While Blackburn's site does not come up on Yahoo! because he has not registered with Business Express, it does come up on Yahoo!'s search engine, Google. Google is linked with Yahoo! and you get the Google search engine results as well as Yahoo!'s directory results whenever you run a search on Yahoo!

For example, after typing in "financial advisors Virginia," Yahoo! returns four results and on the bottom of the page there's a link that says, "Go To Web Page Matches." When you click on that link, it takes you to a page powered by Yahoo!'s search engine, Google. Blackburn's site is the 18th listing in Google, a pretty good ranking. Any time you're in the top 20 results, it's considered excellent because Web surfers often look at the first 20 results, and possibly the next 20. But they usually do not look much further.

Google is like most other search engines. It's powered by programs called robots, or spiders. They surf the Web all by themselves, "crawling" over Web pages and looking for keywords and phrases. Lycos, Excite, Alta Vista, and HotBot are search engines that use "spiders" to crawl the Web and create indexes of sites. Since the indexes are not created by humans, the methods you would employ to get a high ranking are totally different from methods you'd use to be highly ranked in a directory.

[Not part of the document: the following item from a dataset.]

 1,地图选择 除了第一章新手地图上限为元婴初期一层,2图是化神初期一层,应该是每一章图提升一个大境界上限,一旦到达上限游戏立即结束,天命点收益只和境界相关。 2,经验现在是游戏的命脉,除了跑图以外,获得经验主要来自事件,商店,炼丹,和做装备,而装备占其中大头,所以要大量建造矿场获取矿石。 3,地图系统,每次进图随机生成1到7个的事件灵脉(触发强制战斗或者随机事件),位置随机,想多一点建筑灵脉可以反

Buchanan's book and Shapiro's site do a great job of covering the complexities of spiders, but here are some tips to get started.

The keywords and phrases that spiders seek are not just in the body of the text on your site, but are also placed in the HTML code of your Web page. Hyper Text Mark-Up Language, or HTML, is a simple programming language used to create Web pages. The HTML code on most Web pages comprises a number of "tags" that are associated with different aspects of a Web page. For instance, a "title" tag is the HTML code that determines what shows up in the blue title bar of your browser. "Meta tags" are another type of tag which are specifically created to allow spiders to identify keywords on your site.

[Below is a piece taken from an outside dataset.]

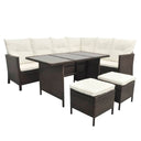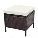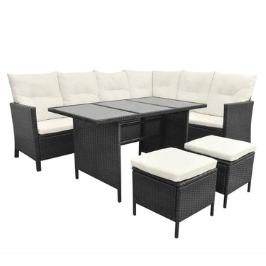 Diese Garten-Sofagarnitur vereint Stil und Funktionalität und wird ein echter Hingucker in deinem Garten bzw. auf deiner Terrasse sein. Das Set besteht aus einem robusten Stahlrahmen, der mit wetterfestem und wasserdichtem PE-Rattan bezogen ist, das pflegeleicht, strapazierfähig und für den täglichen Gebrauch geeignet ist. Die Kissen sind sehr bequem. Dank der Reißverschlüsse lassen sich die Kissenbezüge aus Polyester leicht abnehmen und waschen. Diese Gartengarnitur in Rattan-Optik lässt sich flexibel und mühelos umstellen und dadurch an jede Umgebung anpassen. Die Montage ist einfach. Die Lieferung umfasst 1 Sofa in L-Form, 1 Tisch, 2 Hocker, 7 Rückenkissen und 8 Sitzkissen. Hinweis: Wir empfehlen, das Set bei Regen, Schnee oder Frost abzudecken.

Spiders also look for links to your site from other Web sites, and they measure "keyword density" by determining what percentage of your site's text is composed of keywords. They also look for the relevance of your keywords in relation to the body text on your site and the prominence of your keywords.

What the spiders do with this information is what makes search engine optimization so difficult: Different spiders give different weightings to each piece of data. For instance, says Buchanan, HotBot places heavy weighting on link popularity--if a lot of sites have links to your site, you'll be placed higher in the rankings--but less weighting on keyword density. Excite, he says, favors sites that have their keywords as part of their Web address, but it does not index meta tags.

All the sites create their own algorithms for ranking your site. Each search engine has its own set of idiosyncratic criteria for determining where you get ranked relative to other sites in a search for your keywords. To make matters worse, the search engines periodically change their algorithms to keep search engine optimization companies from mastering their formulas. What to do?

Until now, most advisors with Web sites simply ignored the search engines. But as Web popularity grows, that's likely to change. One option: Hire a search engine placement firm that you can easily shop for on the Web. Getting a firm that will deliver cost-effective results may be tougher.

Some advisory firms may want to give a technologically-inclined staffer with knowledge of HTML a week or two to study up on search engines and optimize the firm's site. This staffer would also figure out what keywords are most likely to be used by consumers, a crucial part of site optimization. The staff person would research how the search engines work and what keywords and phrases can be used to get your firm's site a good listing. The staffer might need to update the site every quarter or just once a year. It's unlikely that most small advisory firms will want to dedicate the resources on a monthly basis to stay at the top of the top search engines, although some optimization companies may try to sell you a monthly maintenance package. A lot of it will depend on how many other sites in your are are also optimizing their search engine placement.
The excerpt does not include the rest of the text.